Pour Pascale Marie, directrice du Syndicat de la presse magazine et d'information (SMPI), «les éditeurs estiment que les coûts de la distribution sont compétitifs par rapport à nos voisins européens». Mais il faut, selon elle, aménager le système coopératif hérité de la loi Bichet par une nouvelle gouvernance en fonction du poids de chaque éditeur. Elle réfléchit aussi à demander une «sanctuarisation» des points de vente en centre ville, même si les loyers y sont prohibitifs.
Pour le Syndicat de la presse quotidienne nationale (SPQN), l'essentiel est de lever des verrous et de donner un coup d'accélérateur à la réforme des NMPP. Parfois, il s'agit simplement de sensibiliser les maires de France au bénéfice qu'ils peuvent retirer d'un bon maillage des kiosques.
Aides à la presse: la fin du saupoudrage?
C'est une autre pierre d'achoppement possible entre les professionnels. Le rapport rendu récemment par Danièle Giazzi, secrétaire nationale de l'UMP (lire l'encadré), propose de recentrer les aides de l'Etat sur la presse d'information politique et générale. De même, la TVA à taux réduit (2,1%) pourrait-elle être circonscrite à certaines familles de presse, quitte à étendre son application aux sites Web? Cela n'inquiète pas outre mesure Pascale Marie, du SPMI, qui rappelle que les aides postales en Belgique ou fiscales en Grande-Bretagne ne comportent «quasiment aucune obligation de contenu».
Reste que le système des aides peut être réformé alors que l'enveloppe annoncée pour 2009 dans le projet de loi de finances (284,5 millions d'euros) baissera par rapport à 2008 (288 millions d'euros). L'aide à la modernisation de la fabrication passe notamment de 30 à 24,7 millions d'euros. Faut-il demander plus? «Je ne pense pas que nous soyons dans un contexte qui nécessite autant de subventions, commente Vincent de Bernardi, du SPQR. Il ne faut pas plus d'aides, mais il faudrait qu'elles soient mieux ciblées, mieux réparties et mieux contrôlées.»
Au Syndicat national des journalistes (SNJ), Dominique Pradalié estime que «l'argent ne va qu'aux riches, c'est-à-dire aux magazines». Face au maquis des aides directes et indirectes, le syndicat demande une remise à plat de ces enveloppes et la possibilité de siéger, paritairement, dans les commissions d'attribution.
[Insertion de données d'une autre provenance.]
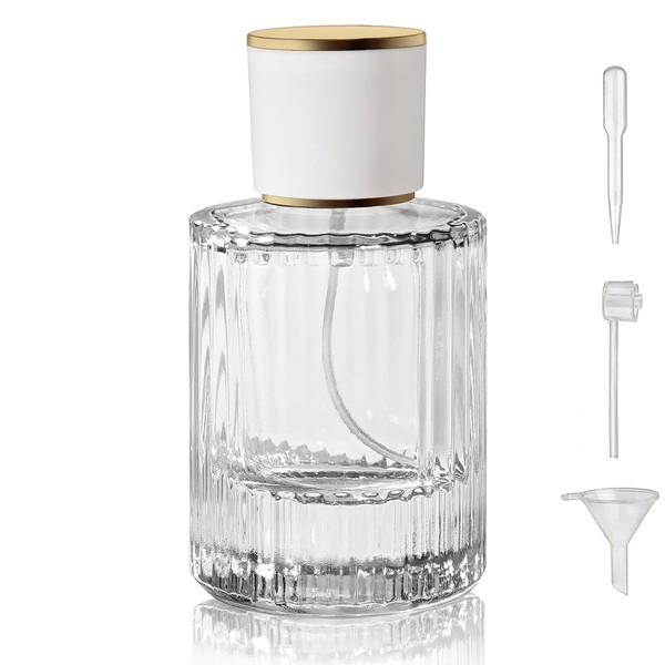 - Package:1 Pack 50ml(1.7Oz)Round Glass Perfume Spray bottle and and 3 kinds of perfume dispenser(1 funnel,1 dropper,1 transferer).It is easy to dispense liquid into the perfume atomizer.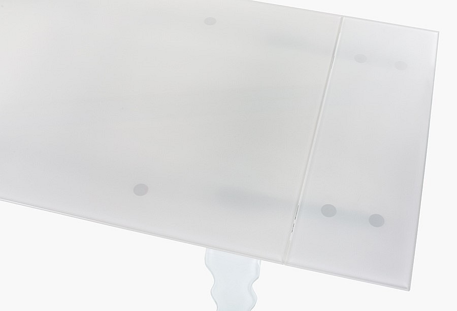 Blat i falowane nogi stołu wykonane zostały ze szkła, blat o grubości 10 mm, nogi 20 mm. Blat i nogi wykonane są ze szkła OPTI WHITE, hartowanego, fazowanego, polerowanego i szlifowanego na krawędziach. Blat oraz nogi lakierowane od spodu na kolor biały RAL 9003 Rozstaw nóg: 145 cm Waga netto 1 szt.: 120 kg Waga opakowania: 145 kg Maksymalna ilość szt. w opakowaniu: 1 Sposób wysyłki: Paleta Produkt do samodzielnego montażu: Tak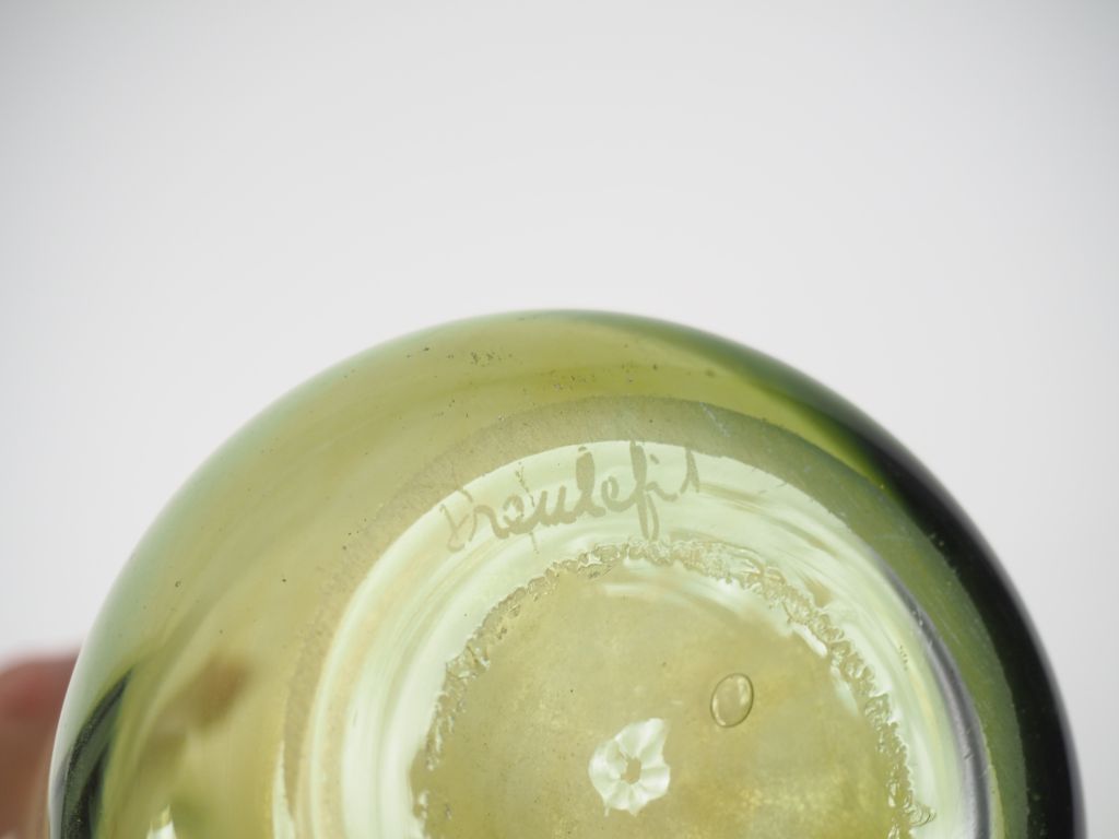 Claude MORIN à Dieulefit. Vase "bouteille folle" en verre soufflé vert. Signée. H. 51 cm

Sans oublier les critères sociaux: «Il faudrait que l'employeur s'engage à respecter les chartes de déontologie et le droit social.»
De son côté, François d'Orcival, président du Syndicat de la presse magazine d'opinion (SPMO), appelle à la consolidation des capitaux propres des entreprises de presse par un aménagement de la législation sur le mécénat: «Son application ne permet pas réellement aux dons de lecteurs d'être exonérés à hauteur de 60% de leur souscription.»
Droits d'auteur et numérique: touche pas à mon statut
La question du basculement de la presse vers le numérique sera bien sûr au centre des Etats généraux. Mais la prise en compte de ce nouveau modèle économique induit une refonte du statut de journaliste. En clair, démarquer le professionnel de l'information du support papier. «Il faut que les contenus puissent être transférés d'un support à l'autre le plus rapidement et le plus simplement possible", plaide Vincent de Bernardi (SPQR).
Mais à l'heure où Internet implique réactivité et production propre, les éditeurs estiment aussi nécessaire d'en finir avec des droits d'auteurs adaptés à la simple réexploitation d'articles papiers sur le Web. «Il est absolument nécessaire que les journalistes reconnaissent qu'il peut y avoir cession de leurs droits, afin de rester compétitifs face aux “pure players” de l'Internet", estime Pascale Marie (SPMI).
Une position qui fait bondir les syndicats des journalistes. «Les droits d'auteur font partie de notre statut. Ils induisent que nous avons un droit moral sur notre œuvre. Si nous ne sommes plus des auteurs, pourquoi les clauses de conscience ou de cession nous seraient-elles applicables?, lance Dominique Candille, du SNJ-CGT. En remettant en cause notre statut, on veut nous ériger en communicants, voire en simples porte-plumes.» Une opinion partagée par Dominique Pradalié, du SNJ: «En touchant aux droits d'auteur, c'est à nos droits moraux que les éditeurs veulent s'attaquer. Economiquement, la charge est plutôt faible: entre 100 à 700 euros par an.»